___ Dataset extract

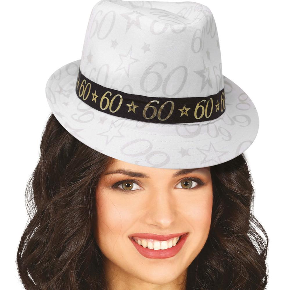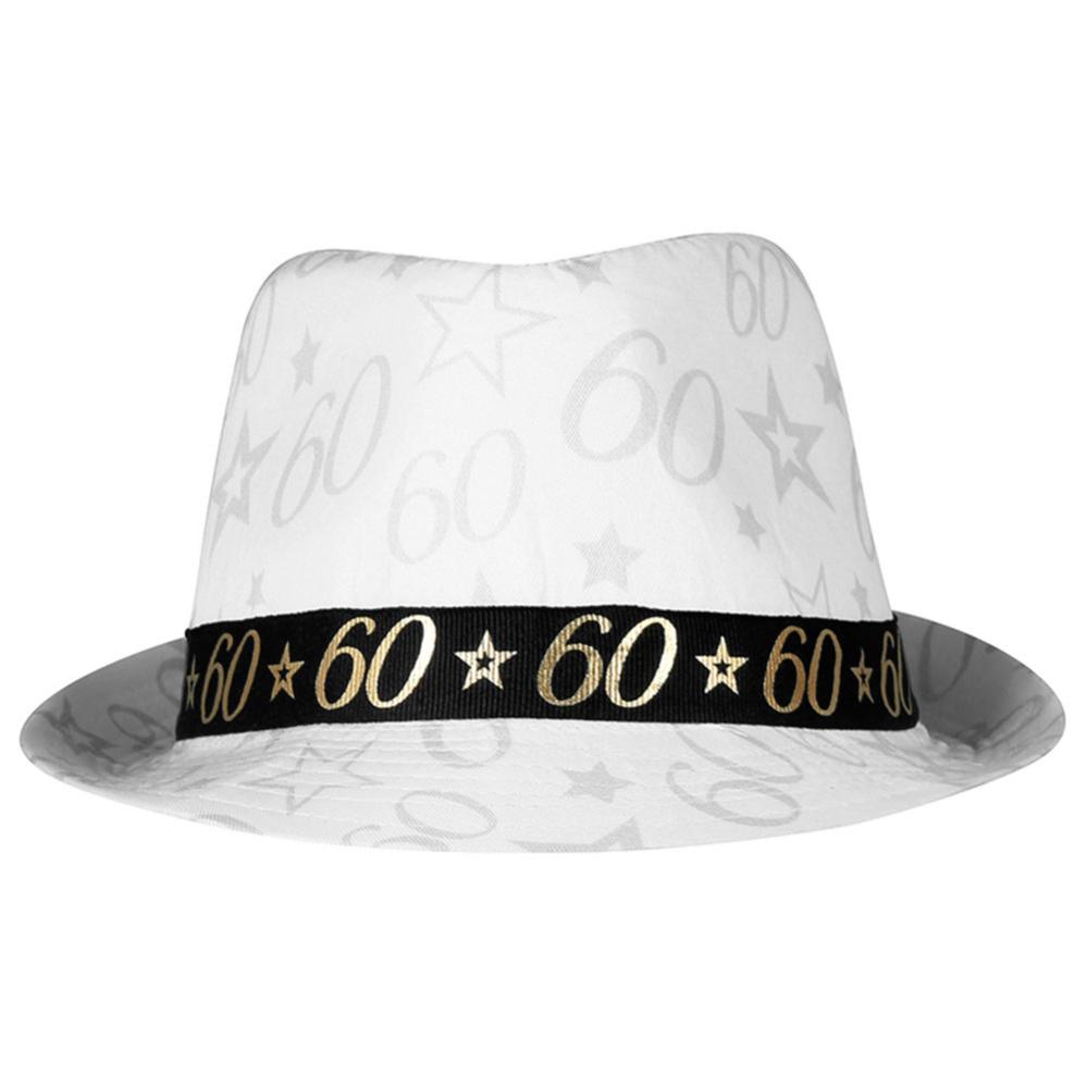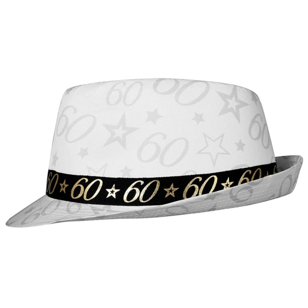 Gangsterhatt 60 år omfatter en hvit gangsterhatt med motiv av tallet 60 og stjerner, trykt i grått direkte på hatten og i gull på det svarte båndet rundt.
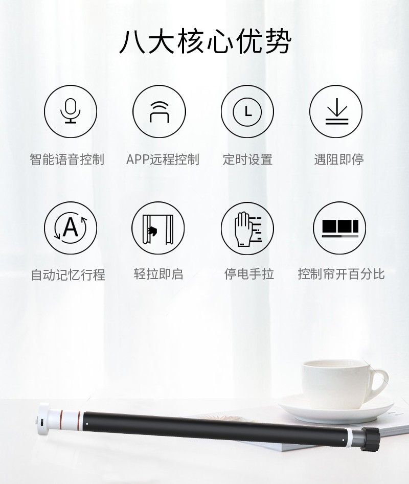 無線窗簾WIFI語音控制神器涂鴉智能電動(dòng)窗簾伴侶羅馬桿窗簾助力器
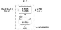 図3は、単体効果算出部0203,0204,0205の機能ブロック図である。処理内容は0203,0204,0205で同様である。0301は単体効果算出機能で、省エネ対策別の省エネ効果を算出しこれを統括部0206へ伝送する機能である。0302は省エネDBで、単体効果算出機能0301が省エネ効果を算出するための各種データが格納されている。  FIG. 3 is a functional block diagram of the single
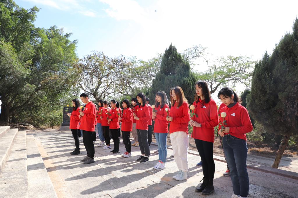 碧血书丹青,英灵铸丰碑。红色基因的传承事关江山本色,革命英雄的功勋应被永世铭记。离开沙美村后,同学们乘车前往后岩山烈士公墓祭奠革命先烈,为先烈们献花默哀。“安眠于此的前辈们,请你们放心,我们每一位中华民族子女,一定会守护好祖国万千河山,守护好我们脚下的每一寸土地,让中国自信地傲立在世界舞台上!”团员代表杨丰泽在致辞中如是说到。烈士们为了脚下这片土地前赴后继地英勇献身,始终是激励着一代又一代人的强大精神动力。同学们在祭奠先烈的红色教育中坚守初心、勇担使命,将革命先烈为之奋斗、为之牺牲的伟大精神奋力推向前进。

______

▶ _Work order_:
Repeat the data exactly, dropping every picture it holds.

▶ _Answer to the exercise_:
 Gangsterhatt 60 år omfatter en hvit gangsterhatt med motiv av tallet 60 og stjerner, trykt i grått direkte på hatten og i gull på det svarte båndet rundt.
 無線窗簾WIFI語音控制神器涂鴉智能電動(dòng)窗簾伴侶羅馬桿窗簾助力器
 図3は、単体効果算出部0203,0204,0205の機能ブロック図である。処理内容は0203,0204,0205で同様である。0301は単体効果算出機能で、省エネ対策別の省エネ効果を算出しこれを統括部0206へ伝送する機能である。0302は省エネDBで、単体効果算出機能0301が省エネ効果を算出するための各種データが格納されている。  FIG. 3 is a functional block diagram of the single
 碧血书丹青,英灵铸丰碑。红色基因的传承事关江山本色,革命英雄的功勋应被永世铭记。离开沙美村后,同学们乘车前往后岩山烈士公墓祭奠革命先烈,为先烈们献花默哀。“安眠于此的前辈们,请你们放心,我们每一位中华民族子女,一定会守护好祖国万千河山,守护好我们脚下的每一寸土地,让中国自信地傲立在世界舞台上!”团员代表杨丰泽在致辞中如是说到。烈士们为了脚下这片土地前赴后继地英勇献身,始终是激励着一代又一代人的强大精神动力。同学们在祭奠先烈的红色教育中坚守初心、勇担使命,将革命先烈为之奋斗、为之牺牲的伟大精神奋力推向前进。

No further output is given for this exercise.